SaaS Security Checklist: What Enterprise Buyers Check Before Signing
The vendor security questionnaire checklist — SOC 2 status, pen test recency, data residency, encryption standards, incident response SLAs, subprocessors list, and GDPR DPA. Maps to standard vendor security questionnaire format.
Enterprise procurement has one job: don't let a vendor breach put their company on the front page of the Wall Street Journal. That's why every deal over a certain size triggers a vendor security review. Understanding what buyers check — before they ask — is the difference between a fast deal and one that stalls for three months in IT security review.

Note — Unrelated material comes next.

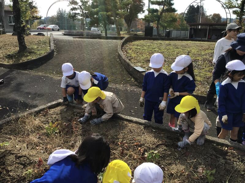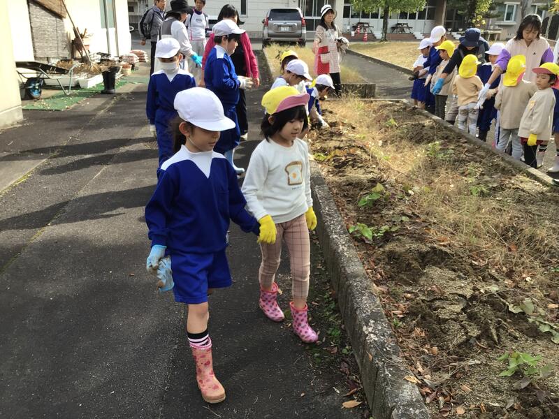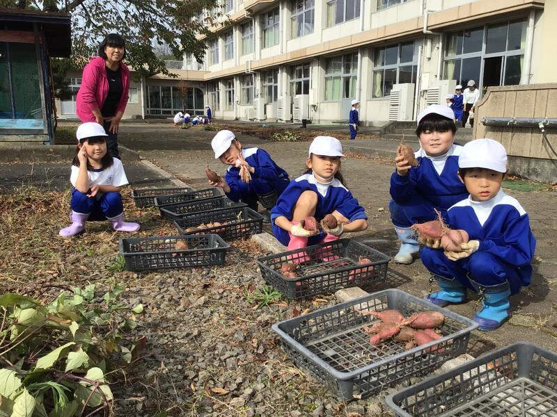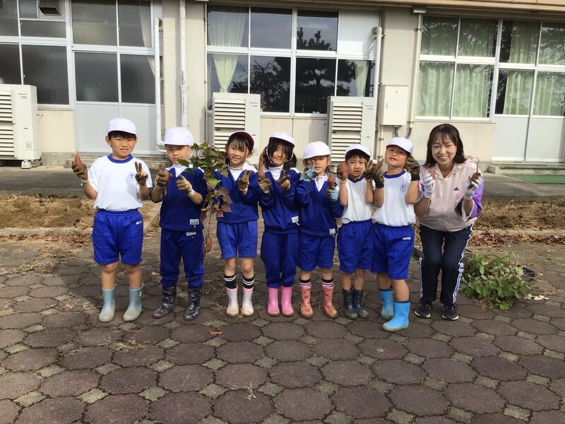 1、2年の子供たちは、自分たちの芋掘りが終わると、まつかわ幼稚園のお友達のさつまいも掘りをお手伝いしました。
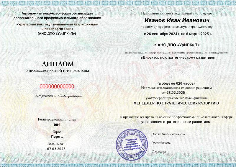 Да, дипломы и удостоверения оформляются в соответствии с действующим законодательством РФ. Документы печатаются на специальных бланках, заверяются печатью АНО ДПО «УрИПКиП».

This checklist mirrors the structure of the most common vendor security questionnaire formats: SIG Lite, CAIQ, and bespoke enterprise questionnaires. For each area, you'll see what buyers ask and what answers they're looking for.
1. Security Certifications & Audits
This is usually the first section and the fastest filter. Many enterprise security teams will not proceed without at least one of these.
What they ask:
- Do you have a current SOC 2 Type II report?

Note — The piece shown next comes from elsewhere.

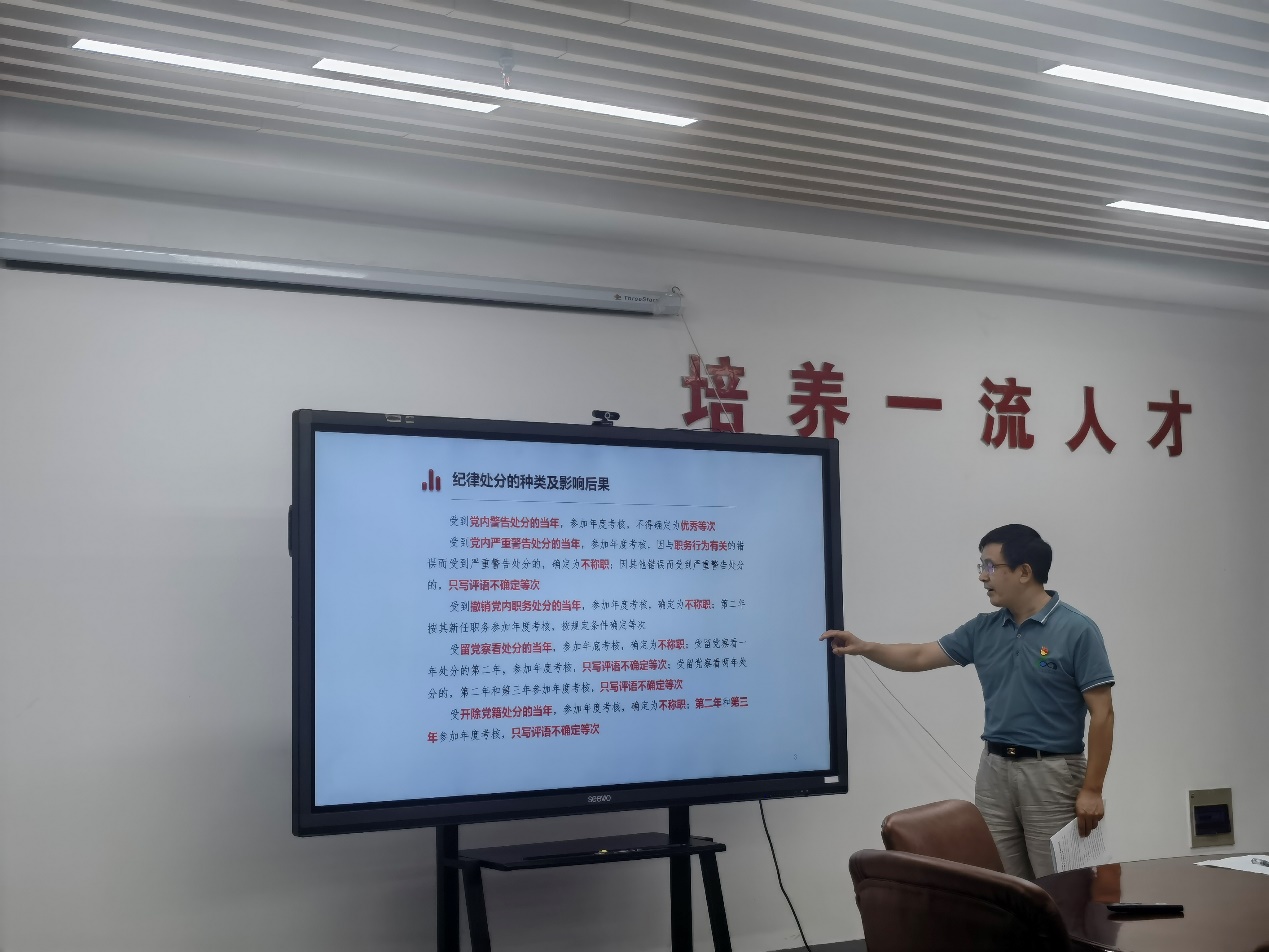 最后,党支部书记严顺平同志讲授廉政专题党课。通过介绍纪律处分的种类及影响后果,学习被罪责问责的典型案例,告诫全体教工党员要知敬畏、存戒惧、守底线。会议还研讨了新学期支部工作计划。

- Do you have ISO 27001 certification?
- When was your last penetration test, and can you share the executive summary?
- Do you have PCI DSS compliance (if handling payments)?
What they want to see:
- SOC 2 Type II with a report date within the last 12 months
- A pentest from a recognized firm completed within 12 months, with no outstanding critical findings
- Remediation evidence for any high/critical findings from the pentest
If you don't have SOC 2 yet: Be honest and proactive. State your target date, describe the controls you have in place, and offer to complete a security questionnaire in detail. Many buyers will proceed if the answer is "we're targeting SOC 2 Type II by Q3 and here is our current control environment."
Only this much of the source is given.